Essentially, wavelets are atoms of information, and they come in a vocabulary of types, like the table of elements. Each wavelet represents a slightly different shape. From this basic vocabulary, you can build just about anything—just as you can build anything in the universe from the hundred-odd elements. Also, just as you can deconstruct anything in the universe into a hundred-odd elements, so you can deconstruct (almost) any signal into wavelets.
The Navy has found wavelet analysis useful for finding enemy submarines in the noisy environment of the ocean; astronomers used them to pick out a subcluster of galaxies in a galactic group; the FBI is using them to store and retrieve fingerprints more efficiently; electronics engineers are using them to create TV signals that work both on the new high-definition TVs and older sets.
One major benefit of wavelet analysis is that wavelets allow you to look at either the big picture or the local picture without losing information about the other. (A little like watching a sailboat race with binoculars, zooming in to see an individual sail number, but not losing your view of the other boats in the race.)
Even noise itself can be put to work enhancing signals.
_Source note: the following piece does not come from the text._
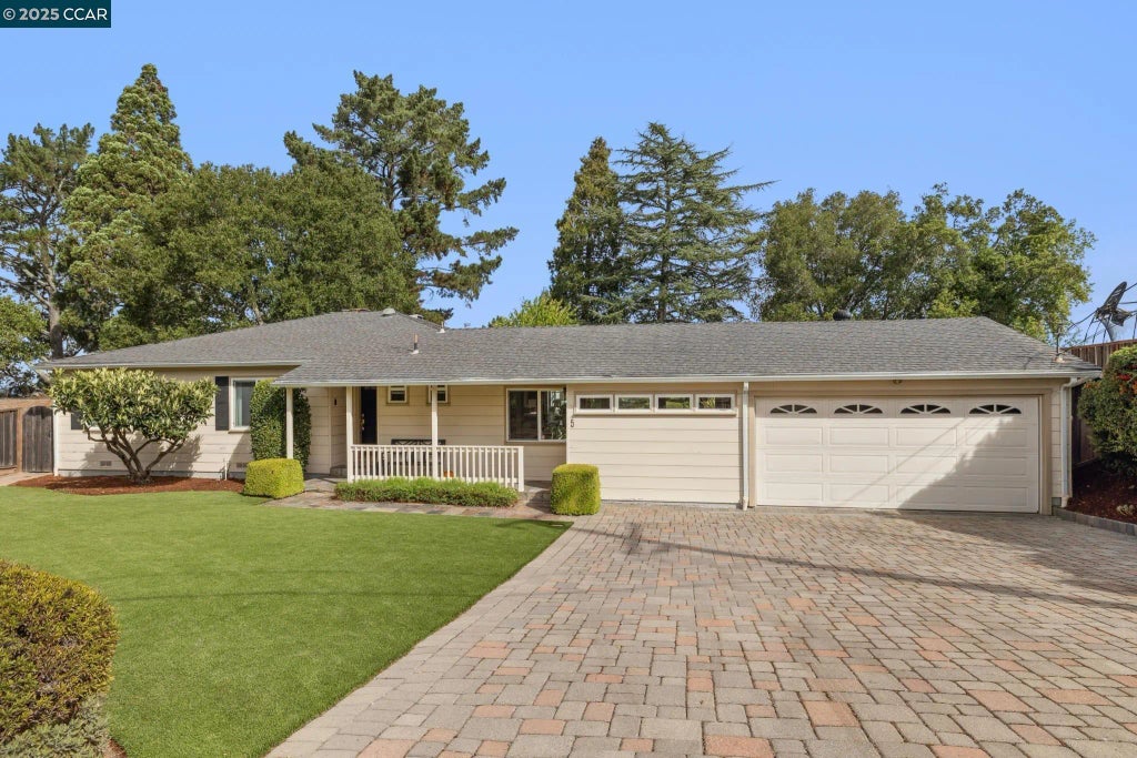 Rare opportunity awaits in one of Glorietta’s most coveted streets. First time in 60 years, this traditional single-level rancher sits on .53AC flat lot w stunning views of Mt. Diablo. Combining classic charm w thoughtful updates, the home offers 1,805± SF of living space, 3 generous bedrooms w ample closets, & 2 beautifully updated bathrooms with timeless finishes. Open-concept living & dining areas are anchored by brick fireplace & custom built-ins, while picture windows & glass sliders invite natural light & seamless access to the backyard. Remodeled kitchen w chic blue cabinetry, crisp white counters, & brass accents flows into spacious family room, where large windows & sliding doors open directly to a lovely patio—an ideal extension of California’s coveted indoor-outdoor lifestyle. Additional highlights include:dedicated laundry room w sauna & garden access. Outdoors w large flat backyard provides endless possibilities: private retreat for entertaining & play, gardener’s haven, or blank canvas for future expansion. Nestled in peaceful private setting & minutes from town, BART, & top-rated schools, walkable to Glorietta Elementary. With iprime location, usable land, & timeless style, home presents immediate comfort & extraordinary potential to create your dream home.

Called “stochastic resonance,” this method makes use of the fact that sometimes random background fluctuations can boost weak signals to the point where they can be heard. An extremely rough analogy is a marble, say, sitting in one of those “cups” in an egg crate. Say you get a “signal” only when the marble hops from one cup to another. But in a quiet environment, the marble doesn’t have quite enough energy to make that leap. If you put the egg crate in your car and drive over a rough road, however, you may find it much easier to get the marble to jump into another cup. The random shaking of the ride is enough to help boost the marble over the barrier—making your “signal” visible.
All of these signal-processing techniques are used to sharpen otherwise ambiguous signals in a wide variety of settings, from CAT scans of the human body, to sorting out social or political trends, to finding new planets. And all of them in the end remind us of the power of invariants—the things that do not change, no matter what. Only by getting rid of the noise, the distractions of intruding signals or warped frames of reference,* distorting effects of scale or the artifacts of measurement, can we come to know what the natural world is really like.
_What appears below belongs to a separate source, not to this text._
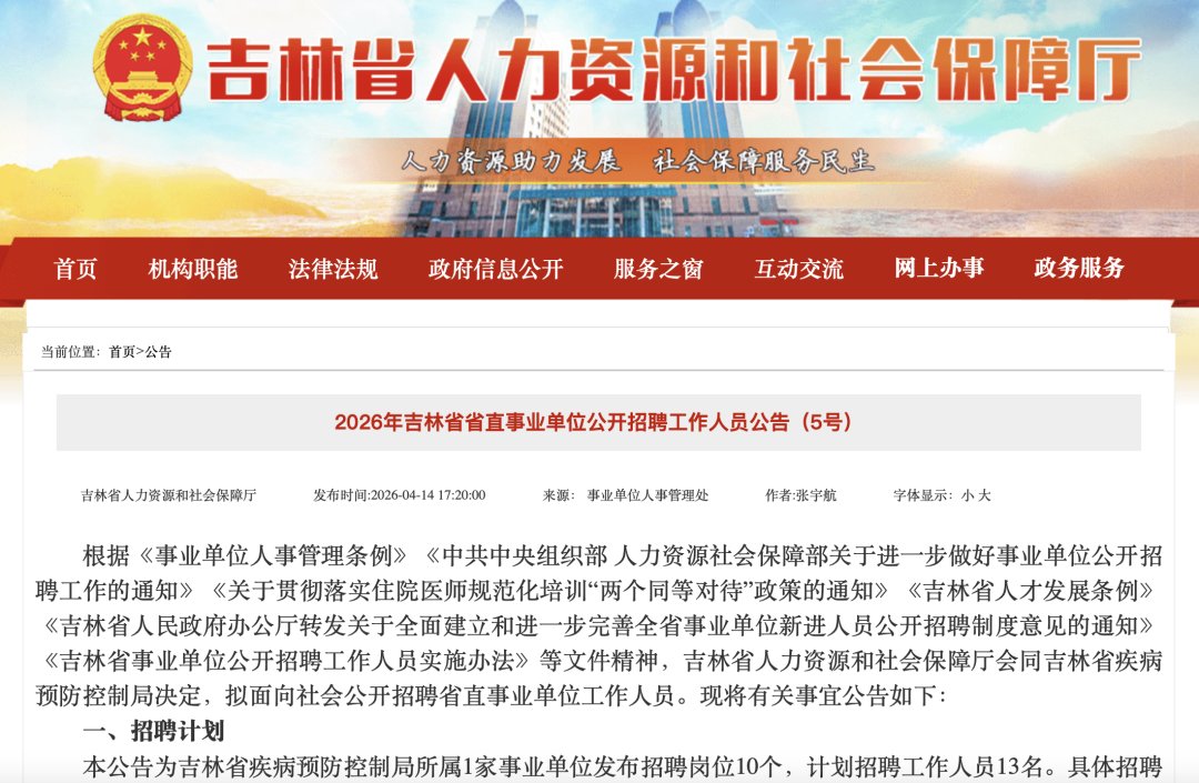 4月14日,吉林省人力资源和社会保障厅网站发布2026年吉林省省直事业单位公开招聘工作人员公告(5号),详情如下: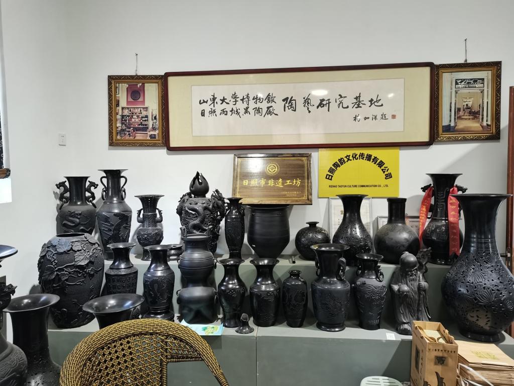 实践队员在日照黑陶烧制非物质文化遗产传承人刘加东的带领下,参观了黑陶厂展览室,刘加东老师直言,黑陶制作有专门的陶泥且成本很高,一件成品黑陶,不论大小、繁简,都要经过选料、过滤、沉淀、拉坯、修坯、雕刻、阴干、磨光、烧制等诸多工序,采用烟熏渗炭法历经千锤百炼,才成就一件完美的黑陶工艺品,它黑如漆,明如镜,薄如纸,声如磬。以1990为分水岭,日照黑陶的功能发生了变化,从百姓生活中的灰黑色实用性土陶,发展为高档黑陶工艺品。功能从实用到观赏。黑陶的形态也随之变化,从花盆到花瓶,青砖青瓦到平面浮雕、陶制大缸到大型工艺品等系列变化。工艺由简单的雕刻工艺发展到镂空、挑点、剔泥、平雕、浮雕等近80种工艺技法。此外,实践队员了解到,从古黑陶仿制再到现代精美黑陶制作,从古时的承载器皿到如今的观赏性黑陶,刘加东在此坚守三十一年。

When Shelton and Baliunas wanted to check whether their double star was really a double star or simply a glitch in the system, they moved to a different star to see if things would change. When Smoot was seeking to verify that he’d really found the primordial wrinkles in space-time, one of the most convincing clues was the fact that the wiggles he saw were scale invariant—meaning that each patch of sky revealed the same spectrum of wrinkles, from smallest to largest.
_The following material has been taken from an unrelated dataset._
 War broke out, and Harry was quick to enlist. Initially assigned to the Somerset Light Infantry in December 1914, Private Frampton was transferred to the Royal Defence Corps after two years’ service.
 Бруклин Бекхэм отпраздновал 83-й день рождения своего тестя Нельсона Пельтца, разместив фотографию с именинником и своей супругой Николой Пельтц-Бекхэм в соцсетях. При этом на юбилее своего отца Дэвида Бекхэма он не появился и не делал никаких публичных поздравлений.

That’s exactly how the search for truth is supposed to work. You see something and then you try everything you can think of to make it go away; you turn it upside down and inside out, and push on it from every possible angle. If it’s still there, maybe you’ve got something.
“You have to kick the measurement every way you can to see what shakes loose,” says Baliunas—in a fitting metaphor for an astronomer who likes to soup up jalopies in her spare time. In other words, you do everything possible to eliminate all sources of possible error and confusion that could obscure what you’re trying to see. Then you’re ready to look for the truths that can be found in the mathematical art of pattern perception.